Respondent pleaded guilty to seven offences involving taking part in the sale of methylamphetamine and ecstasy, and possessing methylamphetamine and ecstasy for the purposes of sale - respondent addicted to methylamphetamine at the time of the offences - respondent took steps to rehabilitate prior to sentence - respondent sentenced to imprisonment for 20 months, with a non-parole period fixed at 12 months - sentence of imprisonment wholly suspended upon respondent entering into a bond to be of good behaviour - application for permission to appeal against sentence by Director of Public Prosecutions.

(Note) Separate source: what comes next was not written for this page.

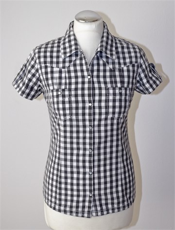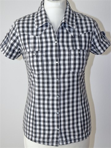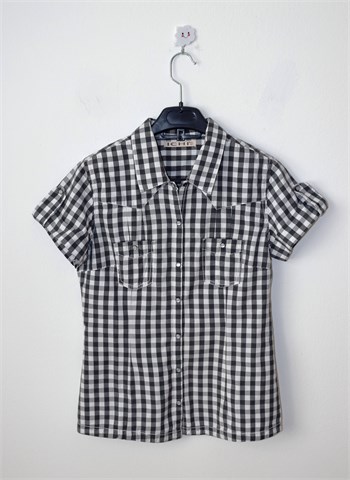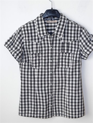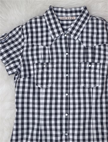 Ichi košulja sa kratkim rukavima, kockasta kombinacija crno/sive i bijele boje. Prednje kopčanje sa sedefastim ukrasnim drukerima, mali džepići na prsima. Strukirana, nije rastezljiva. Lagan i čvrst pamuk.

HELD: offences serious and prevalent - respondent's addiction does not reduce the seriousness of offending - offending is of a seriousness and of a kind that should ordinarily attract a sentence of imprisonment for five years, reflecting the need for general deterrence - permission to appeal granted, appeal allowed, head sentence of imprisonment for four years imposed, non-parole period of two years six months fixed - decision of sentencing Judge to suspend sentence was erroneous, but having regard to the time that had lapsed since the respondent was sentenced, and the rehabilitative steps taken by her, sentence imposed by the Court on appeal suspended.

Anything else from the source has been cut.